On the Limitations of Visual-Semantic Embedding Networks for Image-to-Text Information Retrieval

J. Imaging 2021, 7(8), 125; https://doi.org/10.3390/jimaging7080125
by Yan Gong *, Georgina Cosma * and Hui Fang
Reviewer 1: Anonymous
Reviewer 2: Anonymous
J. Imaging 2021, 7(8), 125; https://doi.org/10.3390/jimaging7080125
Submission received: 30 June 2021 / Revised: 21 July 2021 / Accepted: 23 July 2021 / Published: 26 July 2021
(This article belongs to the Special Issue Deep Learning for Visual Contents Processing and Analysis)

Round 1

Reviewer 1 Report

This paper analyses the current visual-semantic embedding (VSE) networks for information retrieval in-depth with various methods and summarizes the limitations of them. Future research was pointed by the paper through the comparison of strengths and limitations of the current VSE networks. These analyses explore the essence of how VSE networks work, that is important to promote the VSE network to be used in the practice. This paper seems to be good with solid contribution, and my comments are as follows: 

  1. Please explain why it is necessary to evaluate the performance of models on retrieving all 5 descriptions since that on retrieving any 1 of 5 descriptions has been evaluated.
  2. Why the Recall/Precision curve in Figure 4 is needed since that F1-measure has been computed through Recall and Precision.
  3. Please explain how the classes of UNITER in Table 4 align with VSRN.
  4. Can ‘Objects Quantity Error ’ of title 5 in Table 5 be replaced by ‘Objects Counting Error ’?

 

Author Response

We are grateful to the Reviewers for their positive and constructive comments that helped us improve the quality of the manuscript. Please see the attachment.

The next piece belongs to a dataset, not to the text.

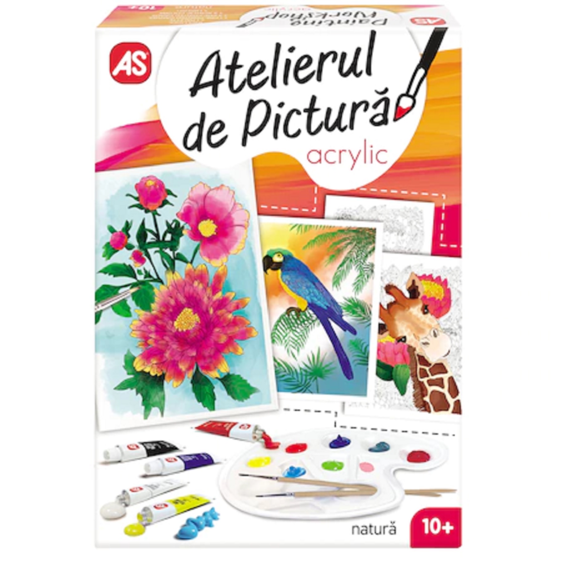 Cu Atelierul de Pictura Acrylic Mini, te poti simti un adevarat artist! Setul ofera posibilitatea de a patrunde in lumea artei, de a petrece placut si productiv timpul liber. Este perfect pentru oricine, indiferent de varsta, nivel de experienta sau calificare. Poate fi utilizat atat acasa, cat si la scoala. Uneltele si vopselele din set, va vor insoti in minunata lume a culorilor, iar creatiile finale pe panzele din set vor constitui un cadou minunat pentru cei dragi sau un element de decor unic! Tematica setului: Natura. Setul contine: 1 paleta, 5 culori acrilice, 3 cartonase pentru desen, 1 panza pentru pictura, 1 pensula si 1 manual de instructiuni. Valorile dezvoltate: Indemanarea, Concentrarea, Rabdarea, Coordonarea mana-ochi, Creativitatea, Atentia. Varsta recomandata: 10+.

Author Response File: Author Response.pdf

 

Reviewer 2 Report

The paper just compares visual-semantic embedding networks without any additional contributions. The paper finds limitations but does not provide empirical studies on some proposed solution. I would strongly recommend the authors to address these limitations and come up with a proposed method

The authors should also perform experiments on sample complexity: How these methods perform for different amount of training samples ? 

It would be great for the authors to address retrieval results on adversarial images. How are the models robust in retrieval results of adversarial images ?

Author Response

We are grateful to the Reviewers for their positive and constructive comments that helped us improve the quality of the manuscript. Please see the attachment.

Author Response File: Author Response.pdf

 

Round 2

Reviewer 2 Report

The paper has been improved but not state-of-the-art technique. Still it is fine enough for this journal.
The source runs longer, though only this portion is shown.